In the political org case, it was easy to adopt the same bylaws, coc, operational plan etc. because we were all part of the same organization. This was definitely my first mistake.Unfortunately I didn’t mentally connect the dots until the actual meeting, and I couldn’t have done it different at the time.

I need to highlight here, that the accepting the bylaws and things during the first meeting of this kind was based on it being a sub-association of a bigger org. There wasn’t supposed to be a need to do to much with the bylaws and if there was it would’ve been done before the meeting.

In my foggy mind I didn’t get this out in time and worded correctly. Heck, I had even said “no we won’t draft bylaws” before I realized the translation in full. I could have, and probably should have, checked myself when I realized that that document translated to bylaws. But I didn’t.

Another member of the meeting wrote some good reflections about this type of meeting too.

If that was my first mistake, what was my second one?

I thought that I could distance myself from responsibility and active choices by leveraging that I was just inviting people to a meeting. I didn’t want to make decisions for us, and this was the only way I knew how.

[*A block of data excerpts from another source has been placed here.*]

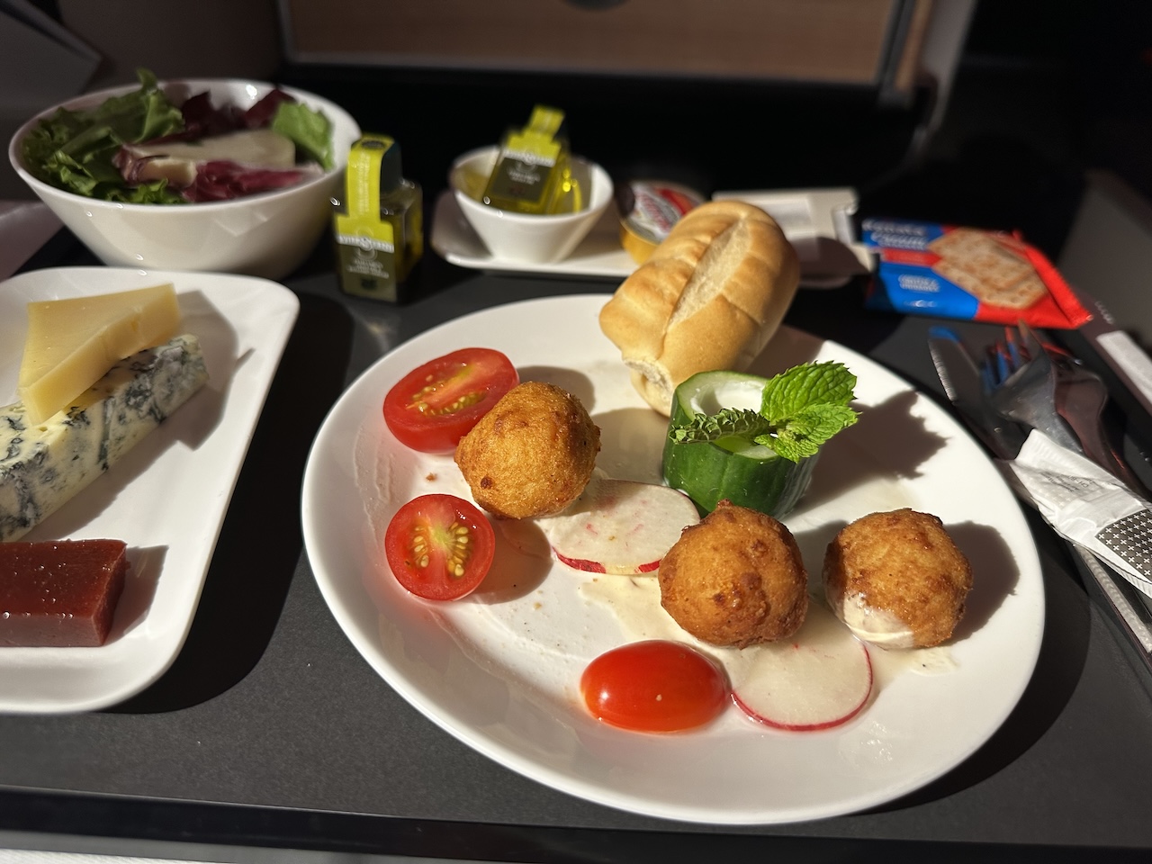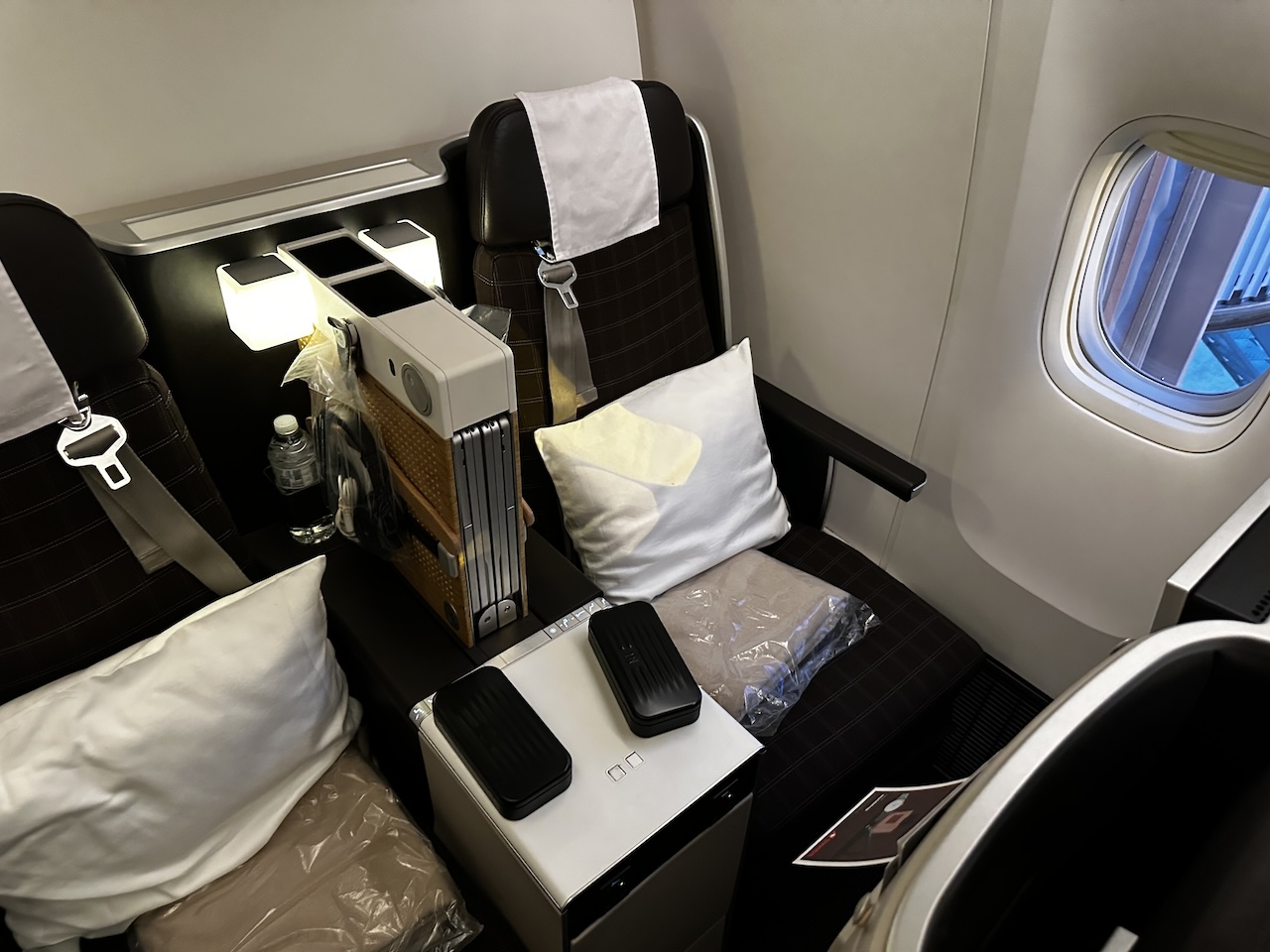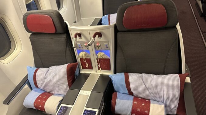 Der Sitz ist insbesondere von den Schlafeigenschaften her sehr gut. Auch den Service in der Business Class bei Austrian Airlines kann man als sehr hochwertig bezeichnen. So fliegt auf allen Langstrecken ein Koch mit, welcher das Essen an Bord zubereitet und anrichtet.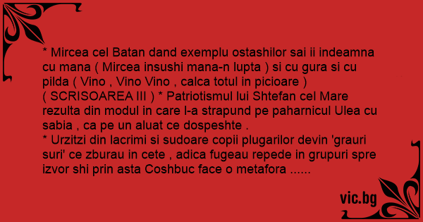 * Mircea cel Batan dand exemplu ostashilor sai ii indeamna cu mana ( Mircea insushi mana-n lupta ) si cu gura si cu pilda ( Vino , Vino Vino , calca totul in picioare ) ( SCRISOAREA III ) * Patriotismul lui Shtefan cel Mare rezulta din modul in care l-a strapund pe paharnicul Ulea cu sabia , ca pe un aluat ce dospeshte .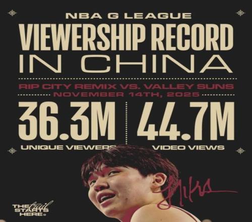 今天,开拓者与NBA发展联盟的撕裂之城混音进行了联合官宣:11月15日的杨瀚森NBA发展联盟首秀,也就是混音对阵山谷太阳的比赛,已经创下了该联赛在中国大陆地区的收视纪录。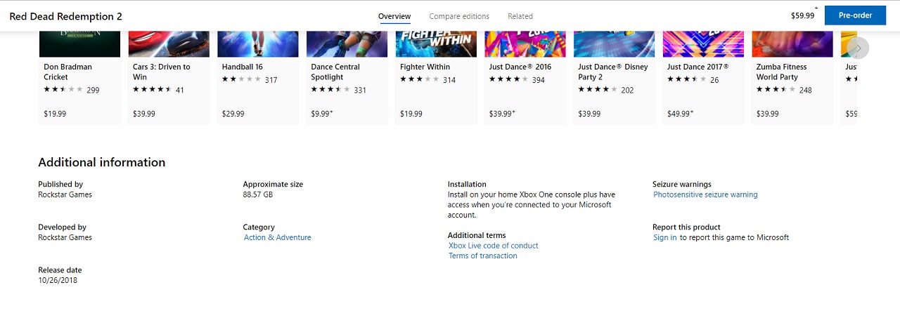 Il y a environ un mois, on apprenait que la Playstation 4 devait disposer d’une capacité d’installation de 105 Go, aujourd’hui, il s’agit de la Xbox One qui vient de recevoir la nouvelle concernant l’espace de stockage. Récemment, la page du produit Red Dead Redemption 2 a été mise à jour dans la boutique Xbox, où l’on peut voir que le jeu occupera environ 88,57 Go pour l’installation dans le stockage de la console.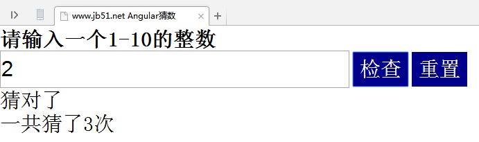 <input type="text" ng-model="guess"><button ng-click="check()">检查</button><button ng-click="reset()">重置</button>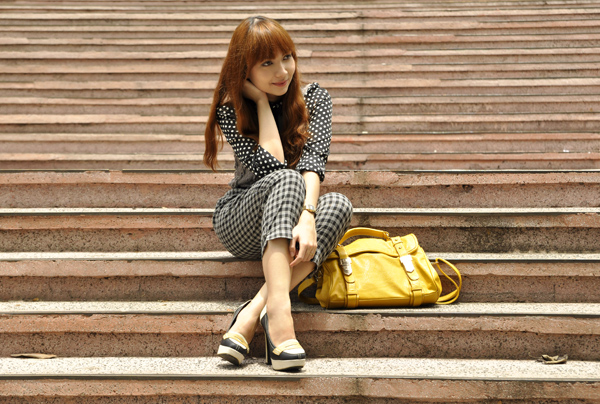 as i have mentioned a few dozen times on the blog, i am a big fan of layered outfits and general “cool weather dressing”. but we all know this is a tricky feat in our tropical climate and can be quite a struggle when one longs for layered ensembles during particularly hot days. that is why i am thankful for the invention of shirts like the one i am wearing, which combines the polished look of a button-down and easy comfort of a knit vest. it is adorably preppy and sweet on and i am ecstatic about not having to torture myself in the process.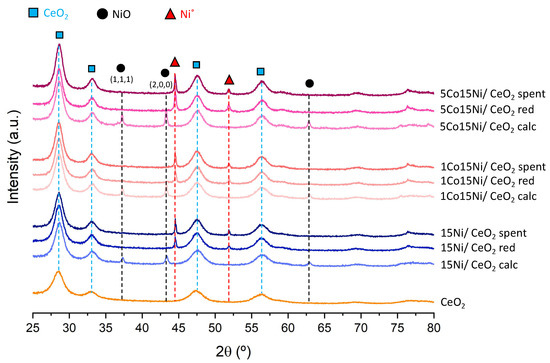 In addition, XRD diffractograms of calcined and reduced catalysts are presented in Figure 3. The presence of CeO2 diffraction lines (28.6, 33.1, 47.5, 56.4, 59.1, 68.1, 76.8 and 79.1°; JCPDS card 81-0792 [19,42]) is confirmed in all of the catalysts after calcination and reduction, indicating that Ce species nature was not affected by the reduction process. Regarding Ni species, NiO diffraction lines were clearly identified in calcined Ni and Co-Ni catalysts at 37, 43.2 and 62.9° (JCPDS card 78-0643) [19], while Ni0 phases were present after reduction (44.7 and 51.8°) [19]. We note that no Co3O4 diffraction lines (JCPDS card 78-1970) were identified in Co-containing catalysts. This could be due to the low metal loading used (1–5 wt%) or the presence of highly dispersed Co oxy-species on the catalysts. Based on CeO2 diffraction lines, an average crystallite size of 5 nm was determined (Table 4). Regarding NiO crystallite sizes, results are shown in Table 5 and suggest that Co incorporation leads to the formation of larger NiO crystallites after calcination (increase of 5 nm when comparing to 15Ni/CeO2). Furthermore, for reduced catalysts, the incorporation of 5 wt% Co led to the formation of smaller Ni0 crystallites (32 nm, lower than the 38–39 nm obtained for 15Ni/CeO2 and 1Co15Ni/CeO2 reduced catalysts; Table 4), indicating that Co could have an efficient effect in the prevention of agglomeration processes in Ni0 particles. Furthermore, when compared to other studies, it is worth mentioning that Benrabbah et al. [43] reported values of ~28 nm after reduction for 15Ni/CeZrO2. The higher values obtained in this work could be due to the preparation method, as these authors used a heating rate for calcination of 5 °C/min while in this study this step was carried out by 10 °C/min.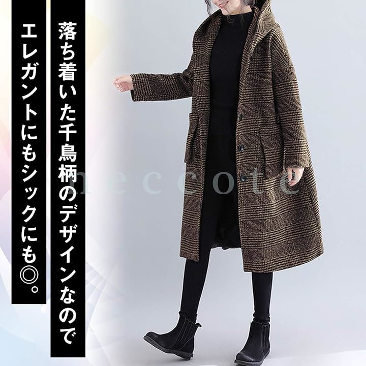 コート レディース アウター フード付き グレンチェック ジャケット 厚手 防寒 NC219BNL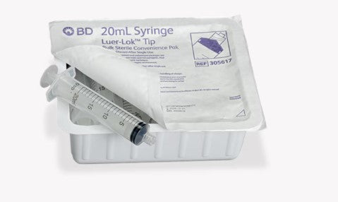 20mL Syringe, Luer-Lok Tip, Sterile Convenience Pack Tray, Case of 120 (BEC 305617)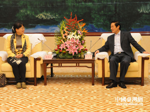 中共四川省委書記、省人大常委會主任劉奇葆會見來訪的臺灣長青村敬老院負(fù)責(zé)人陳芳姿。圖片來源:四川省臺辦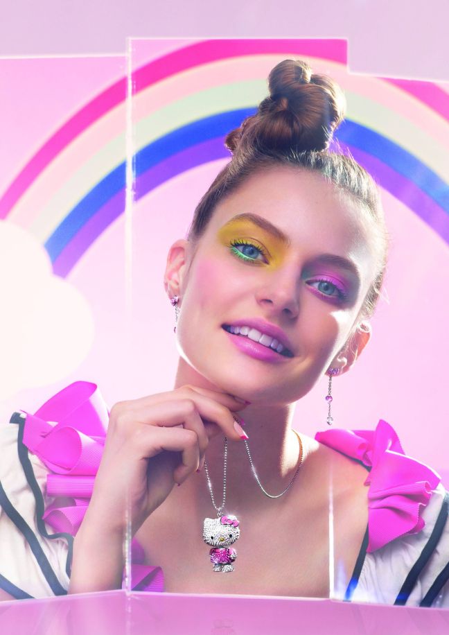 Άμεσα αναγνωρίσιμη σε όλο τον κόσμο, η Hello Kitty έχει πλήθος θαυμαστών κάθε ηλικίας. Για τη δημιουργία των κομματιών με τη μορφή της Hello Kitty, η οποία είναι γνωστή για τα ιδιαίτερα χαρακτηριστικά και τον φιόγκο-σήμα κατατεθέν πάνω από το αριστερό αφτί της, χρειάστηκε να επιστρατευτεί όλη η υψηλή τεχνογνωσία της Swarovski.
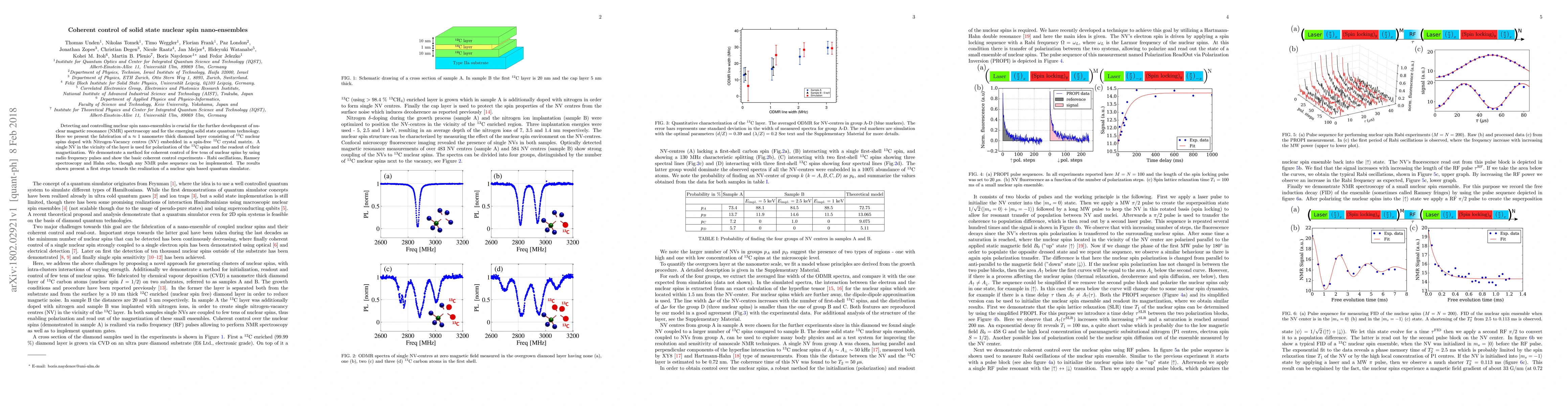 Detecting and controlling nuclear spin nano-ensembles is crucial for the further development of nuclear magnetic resonance (NMR) spectroscopy and for the emerging solid state quantum technology. Here we present the fabrication of a $\approx$ 1 nanometre thick diamond layer consisting of $^{13}$C nuclear spins doped with Nitrogen-Vacancy centres (NV) embedded in a spin-free $^{12}$C crystal matrix. A single NV in the vicinity of the layer is used for polarization of the $^{13}$C spins and the readout of their magnetization. We demonstrate a method for coherent control of few tens of nuclear spins by using radio frequency pulses and show the basic coherent control experiments - Rabi oscillations, Ramsey spectroscopy and Hahn echo, though any NMR pulse sequence can be implemented. The results shown present a first steps towards the realization of a nuclear spin based quantum simulator.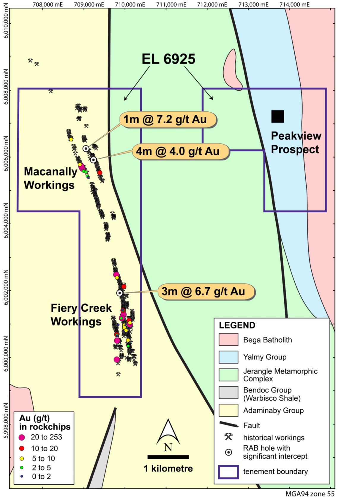 The Fiery Creek Project contains the historic Fiery Creek and Macanally gold and copper workings, which extend over a strike length of more than 8.5km. The project is located within EL 6925 which contains both the Fiery Creek Project and the Peakview base metal prospect (Figure 2).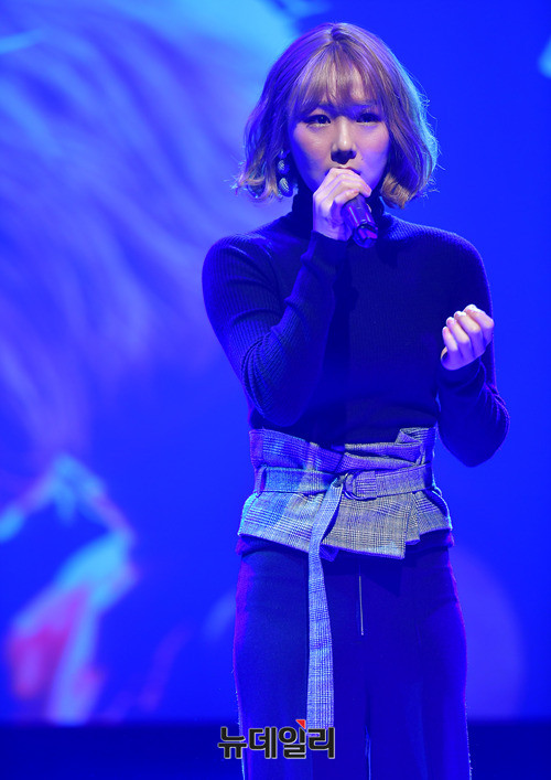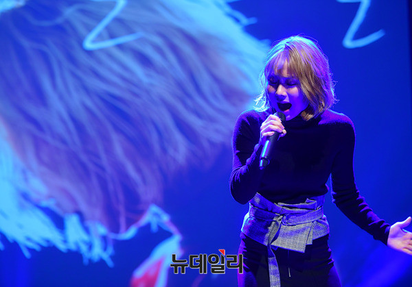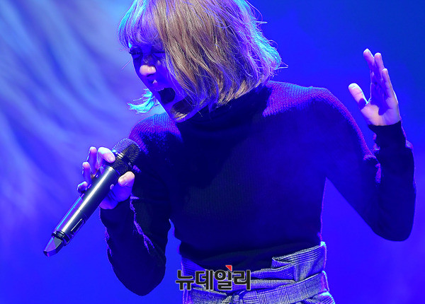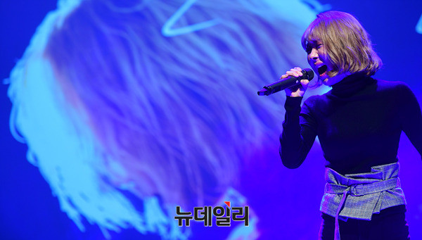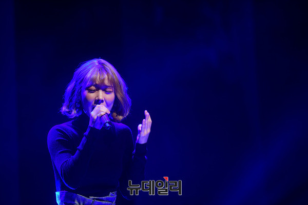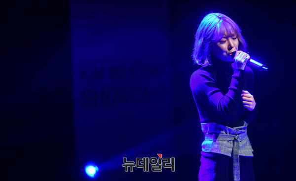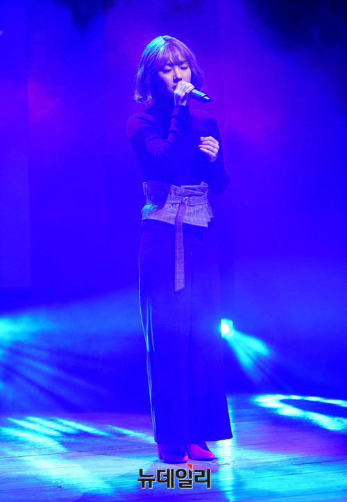 가수 김보경이 21일 오후 서울 강남구 일지아트홀에서 열린 '김보경X먼데이키즈' 컬래버레이션 앨범 '이별선물' 쇼케이스에서 열창을 하고 있다. '이별선물'은 범키와 박채원의 작사, 작편곡가 한재준의 섬세한 감성이 만들어 낸 곡이다. 음원은 이날 정오 공개됐다.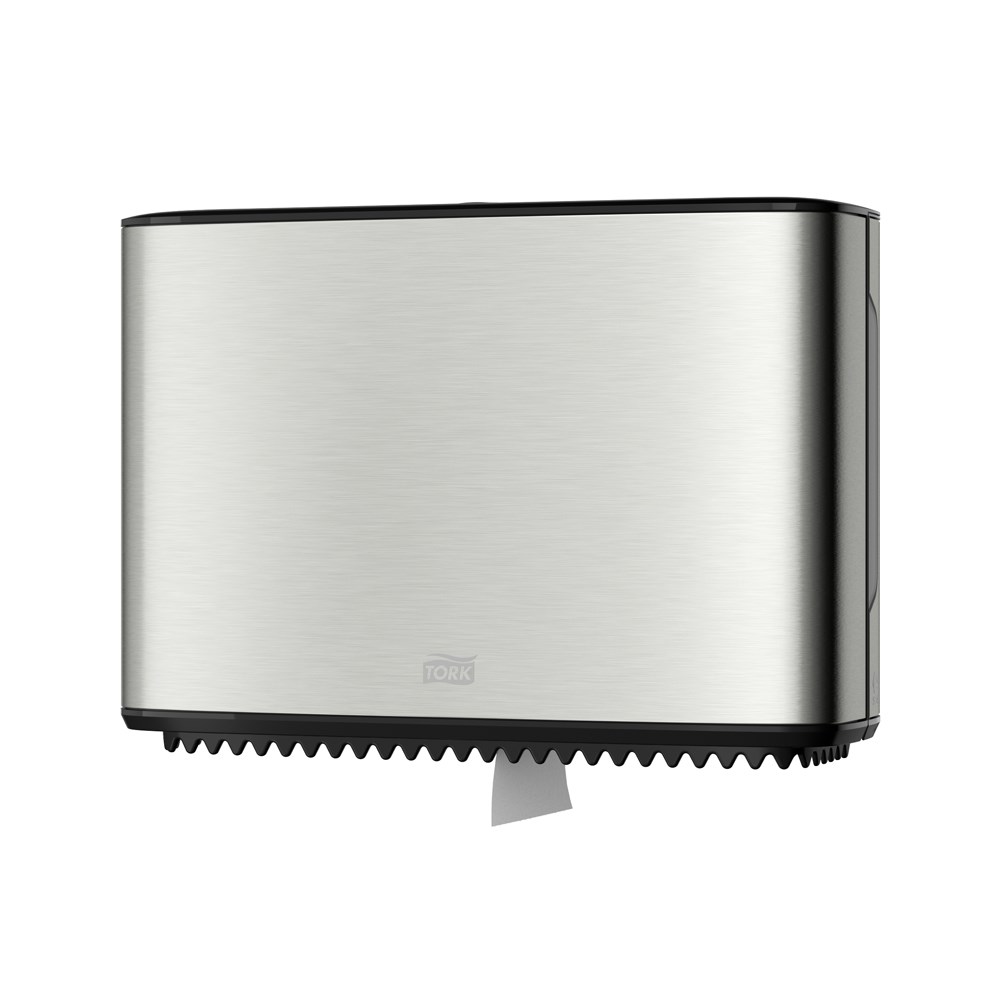 Tork T2 Mini Jumbo dispenser. A modern design with smooth surfaces and clean lines that fits seamlessly in your washroom. Create a great impression that boosts the high-quality image of your facility. Stylish stainless steel with anti finger print coating looks great and stays clean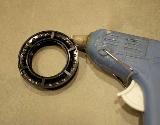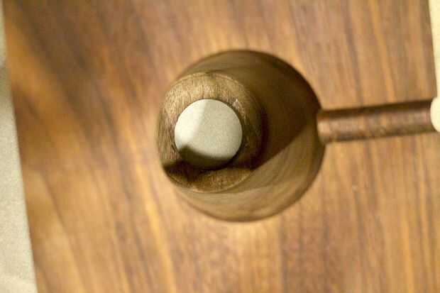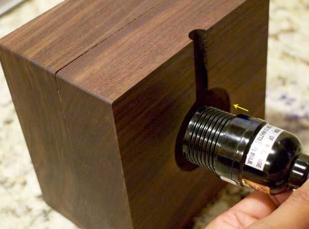 Como se mencionó anteriormente, había jodido el cuello de la lámpara del kit boca abajo, para que sea más amplio punto de fue hacia arriba. Utiliza pegamento caliente (con palillos del pegamento permanente grado) o Epoxy, pegué la parte superior en la parte inferior del "cuello" de los dos orificios. Si ha perforado el perfecto tamaño de agujero, el collar debe ajustarse perfectamente, y el orificio más pequeño en la parte superior del bloque debe permitir una vista sin obstrucciones del otro lado.

This isn’t as much a mistake as it is paradoxical. Mostly because either way I make decisions and it becomes a really weird situation. Especially if I couldn’t get all the info out of my head as fast as the questions came my way.

About 14 days in I was able to entirely fall apart, and did some public spectacle which didn’t reflect well on me, and also ended up possibly harming the project, I pushed away some people I really wanted in on the ground floor.

I could make excuses, and I could try to explain myself, but it won’t change anything. However, what I can do is recognize that I did screw up and that I can do better in the future. I understand my why, and that means that I can take preventive measures.

So, what preventive measures can I take in the future?

A big one, delegate. While we were 3 people working together in the early days, the same people who’ve also rejected any direct involvement in management, or interim-committee or the committee / board for the first year of this project, I did a bulk of the work and had trouble getting stuff out of my head.

When I felt like I was about to entirely break, the incident referenced above, I should’ve let go right there and just set up a Discord server and invited everyone, and continued to contribute to the group in their process of preparing a meeting together etc.

But at the same time, if I hadn’t done the meeting the way I did, I would not have learnt the lessons I did, so this is a double edged sword, imo.

So, what went right?

I took my time, and worked through it slowly. I built small road maps for myself to guide me along the way and asked for help when I felt stuck.

I need to remind you all that the survey blew up way bigger than I had ever expected. I think by the end we had almost 200 responses to the survey, and over 120 saying “let’s do this”. [link to the shared data on June 11th]

I couldn’t have planned for that, but when it happened I tried to baby-step my way through it.

The meeting, even though it was long and had it’s issues, was also pretty damn fantastic. The way I had translated Swedish meeting formalities to a discord server turned out to work pretty well, and once people got a hang of it they seemed to appreciate the somewhat rigid structure.

I hope, that using this experience I can create a template for hosting a first meeting when a group of people want to start an org together, and maybe I can help someone else avoid some of the problems that we encountered. Because there’s some solid structure here that definitely can be reused. That said, I will be publishing a separate post about the actual meeting structure and how set it up.